I will try to explain everything that I understand about indexes and tables.  I am sure that if
some part of my understanding is incorrect, someone will chime in to correct me.

In PostgreSQL, tables are physically distinct from indexes.  This means that any give table is
written to disk as a file(s), and indexes are also written to disk as a separate file(s).  A table
and index are both saved to disk in segmented block referred to a pages (I believe the default
size is 8K).

The advantage of the index file is that it is significantly smaller in size, so it takes less time
to sequentially scan and less time to read from disk.

Now when you want to find a record, PostgreSQL will/(may choose to) sequentially scan the index
until it find the record entry that corresponds with your criteria.  This entry has a table
cross-reference to the actual page that contains the record that is "pointed" at by the index.
Lastly, the entire table page containing your record is read from disk to memory for further query
processing.

<ASSUMPTION>
When you insert a record into a table that generates an entry into the b-tree index file,
PostgreSQL will scan the pages of the index file to find the correct place and index page to add
this entry.  If the page is already full, PostgreSQL "probably" replaces the old full pages with
two new pages with a distribution of that chunk of the B-tree index, and then adds the new entry
to one of those pages. This operation can become very expensive if many new pages need to be
created from single INSERT/UPDATE statement.
</ASSUMPTION>

By using fill factor, you are telling PostgreSQL to automatically leave a portion of any newly
created index page partially blank for future use.  When a newly created index entry needs to be
saved, it can be stored in one of the "holes" left in the index page.

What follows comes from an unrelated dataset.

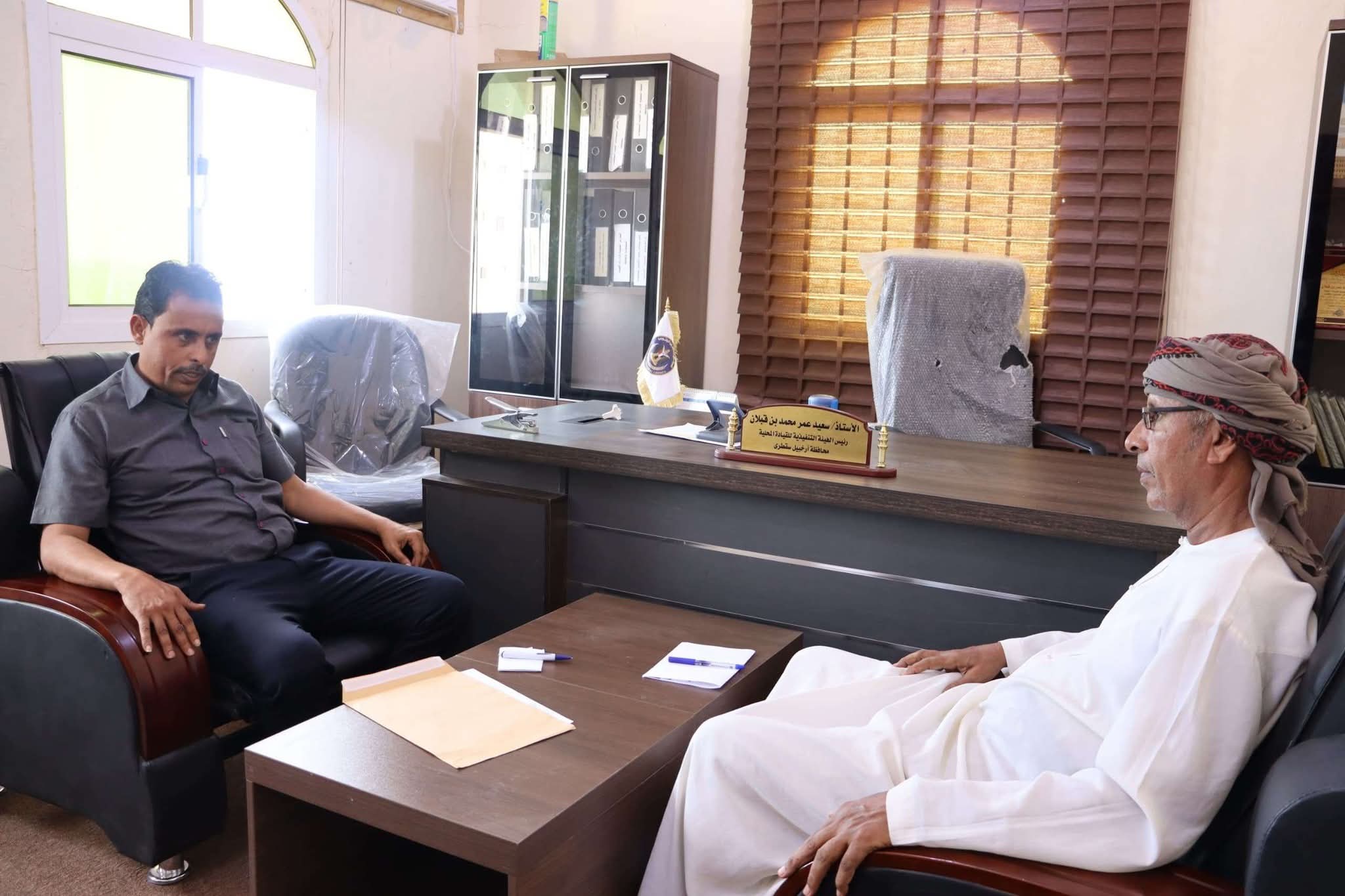 التقى رئيس الهيئة التنفيذية للقيادة المحلية للمجلس الانتقالي الجنوبي في محافظة سقطرى، سعيد عمر بن قبلان، اليوم الاثنين، برئيس نقابة أعضاء هيئة التدريس، مساعد كلية التربية والعلوم الإنسانية والتطبيقية في المحافظة، الدكتور أحمد سالم باعويضان.

A large fill factor create both advantages and dis-advantages.  For writing operations, it is a
big advantage because, a large fill factor will leave alot of holes for INSERT and UPDATE
operations to use.  This can help increase the number of UPDATE/INSERT per seconds that you server
can handle since, they index pages do not have to be rebuilt very often.

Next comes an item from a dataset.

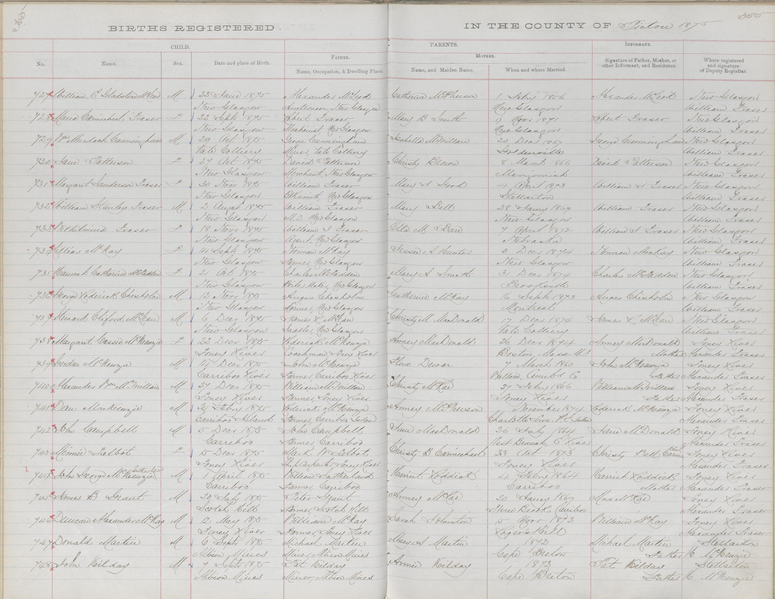 Birth Registration: Year: 1875 book: 1818 page: 355 number: 748

However, the disadvantage is that, a newly created index with a large fill factor has "index
bloat" designed into it.  This mean that the index pages have a large portion of holes.  So
PostgreSQL will create more index pages than it would normally in order to hold both your index
and the pre-defined holes that you specified by your fill-factor.  Larger indexes require more
time to be read from disk to memory and will require more time to sequentially scan to find to
find the cross-reference table page location of records of interest.  So the net effect is that
larger indexes will make SELECT statement slower.

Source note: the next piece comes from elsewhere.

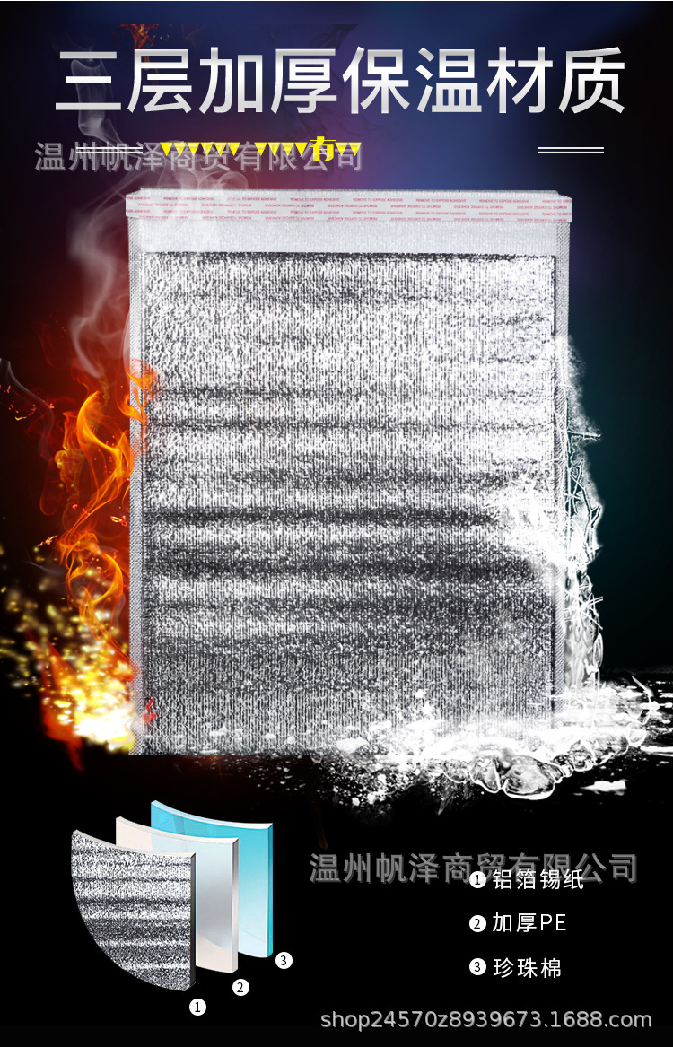접착제 일회용 테이크 아웃 피자 식품 해산물 두껍게 포장 냉장 단열 바베큐 냉장 보전이있는 알루미늄 호일 단열 가방

This is my understanding for tables indexes and fill factor. I hope it helps.

Regards,
Richard Broersma Jr.

Re: For index bloat: VACUUM ANALYZE vs REINDEX/CLUSTER

От
"Albe Laurenz"
Дата:
Phoenix Kiula wrote:
> Then I am confused again about how the fill factor stuff works. Let's
> say I have a table with four BTREE indexes. Should all of them have a
> fill factor of about 60 (lower than the default 90, that is) to be
> effective? Or will it help if I lower the fill factor on only a couple
> of the most often used ones? The primary key index is very, very
> rarely updated so I don't need it to have a fill factor.
>
> I could try and see these one by one, but that's no better than
> touching/feeling the database blind-folded. I would love to see some
> writeup about this whole thing, but it seems hard to come by!

Let me present my understanding; I hope I won't confuse issues further.

Indexes and tables are bath organized in pages, each page contains
several
entries or rows.

When an INSERT or UPDATE on the table occurs, a new row (version) is
created (and the old version of the row will be freed upon VACUUM).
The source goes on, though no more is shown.